#### Exercise details
The whole listing is to be written out again exactly; the pictures are not.

#### Collected data

▬▬▬▬▬▬▬▬▬▬

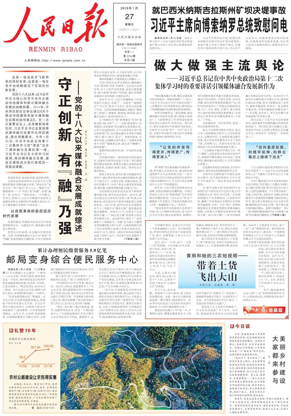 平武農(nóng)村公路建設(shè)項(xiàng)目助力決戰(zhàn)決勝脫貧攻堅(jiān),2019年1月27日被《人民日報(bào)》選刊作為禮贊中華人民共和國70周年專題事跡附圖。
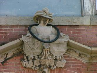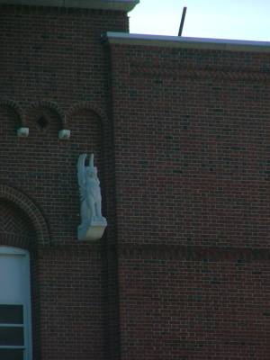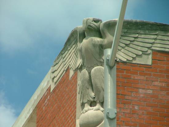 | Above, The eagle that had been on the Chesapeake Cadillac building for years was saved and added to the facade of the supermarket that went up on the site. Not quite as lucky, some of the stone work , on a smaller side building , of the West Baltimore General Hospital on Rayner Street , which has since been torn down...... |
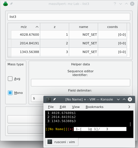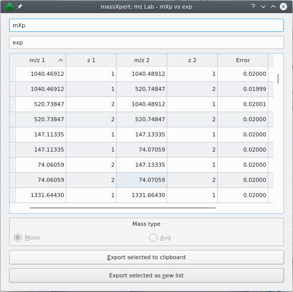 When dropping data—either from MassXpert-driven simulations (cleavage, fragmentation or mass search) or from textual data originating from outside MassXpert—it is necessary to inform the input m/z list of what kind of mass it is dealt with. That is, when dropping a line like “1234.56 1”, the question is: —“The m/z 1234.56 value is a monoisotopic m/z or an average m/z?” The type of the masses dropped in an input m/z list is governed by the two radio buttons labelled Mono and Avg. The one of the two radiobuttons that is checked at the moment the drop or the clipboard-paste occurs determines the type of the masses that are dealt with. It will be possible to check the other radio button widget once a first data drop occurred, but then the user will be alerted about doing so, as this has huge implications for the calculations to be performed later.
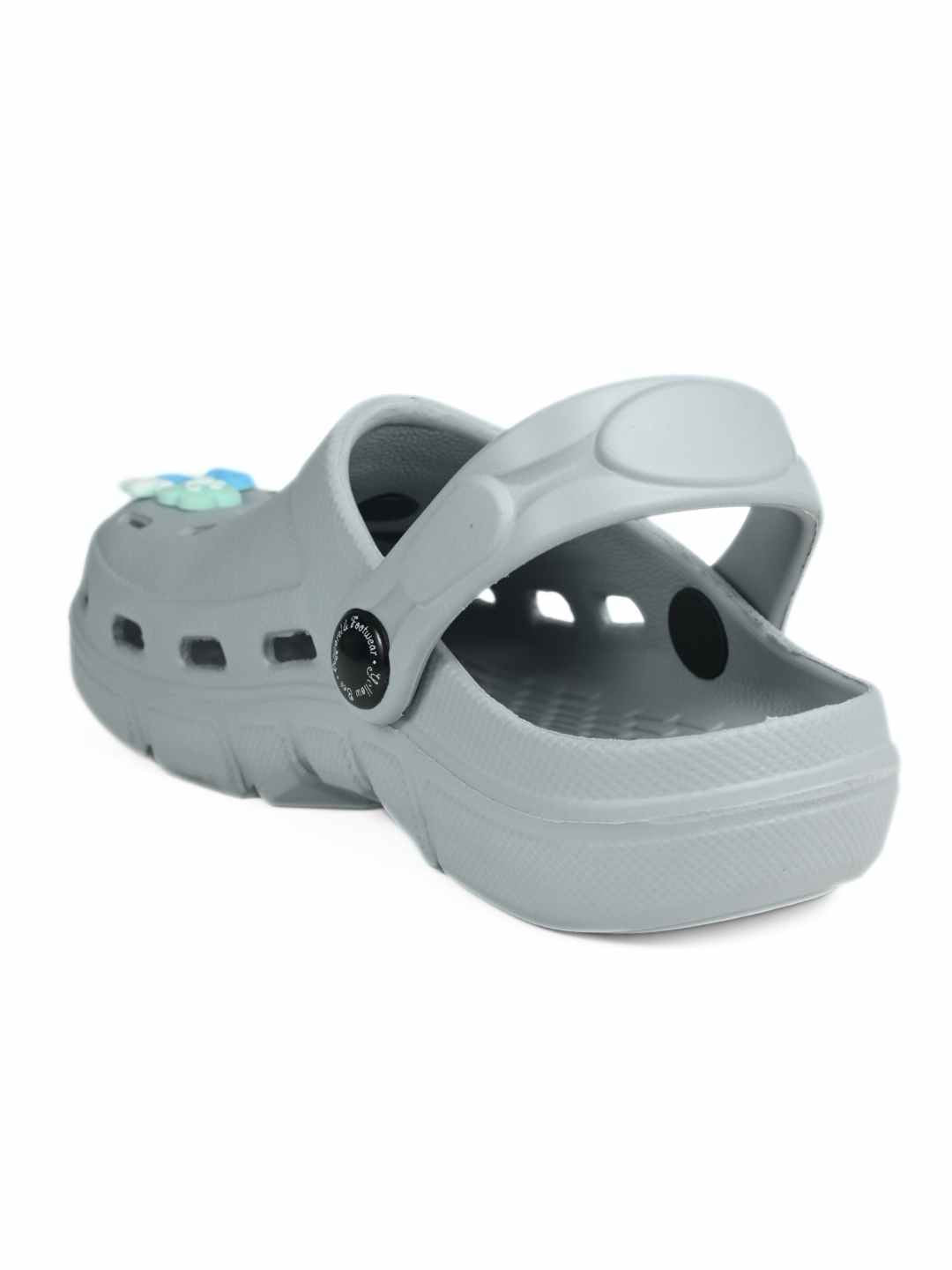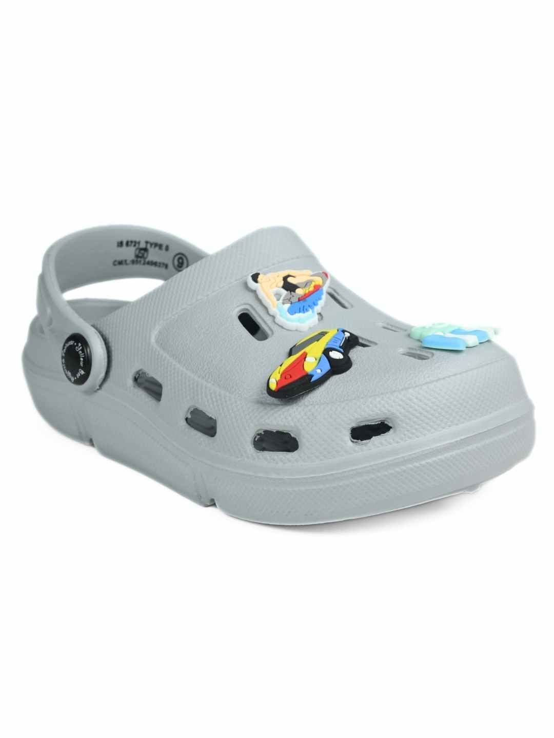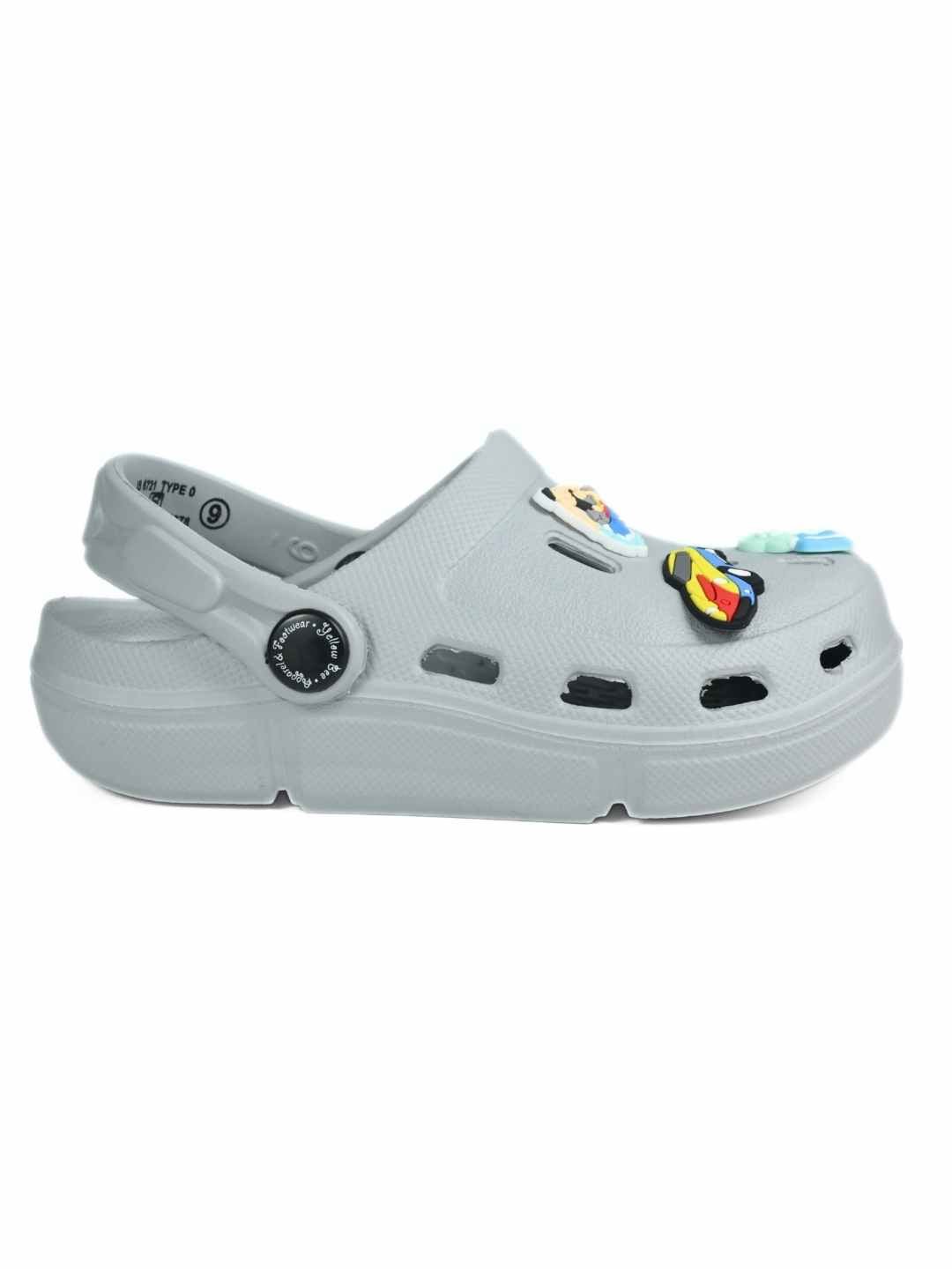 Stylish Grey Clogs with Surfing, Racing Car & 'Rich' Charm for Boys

▬▬▬▬▬▬▬▬▬▬

#### Solution to the problem
 平武農(nóng)村公路建設(shè)項(xiàng)目助力決戰(zhàn)決勝脫貧攻堅(jiān),2019年1月27日被《人民日報(bào)》選刊作為禮贊中華人民共和國70周年專題事跡附圖。
 | Above, The eagle that had been on the Chesapeake Cadillac building for years was saved and added to the facade of the supermarket that went up on the site. Not quite as lucky, some of the stone work , on a smaller side building , of the West Baltimore General Hospital on Rayner Street , which has since been torn down...... |
 When dropping data—either from MassXpert-driven simulations (cleavage, fragmentation or mass search) or from textual data originating from outside MassXpert—it is necessary to inform the input m/z list of what kind of mass it is dealt with. That is, when dropping a line like “1234.56 1”, the question is: —“The m/z 1234.56 value is a monoisotopic m/z or an average m/z?” The type of the masses dropped in an input m/z list is governed by the two radio buttons labelled Mono and Avg. The one of the two radiobuttons that is checked at the moment the drop or the clipboard-paste occurs determines the type of the masses that are dealt with. It will be possible to check the other radio button widget once a first data drop occurred, but then the user will be alerted about doing so, as this has huge implications for the calculations to be performed later.
 Stylish Grey Clogs with Surfing, Racing Car & 'Rich' Charm for Boys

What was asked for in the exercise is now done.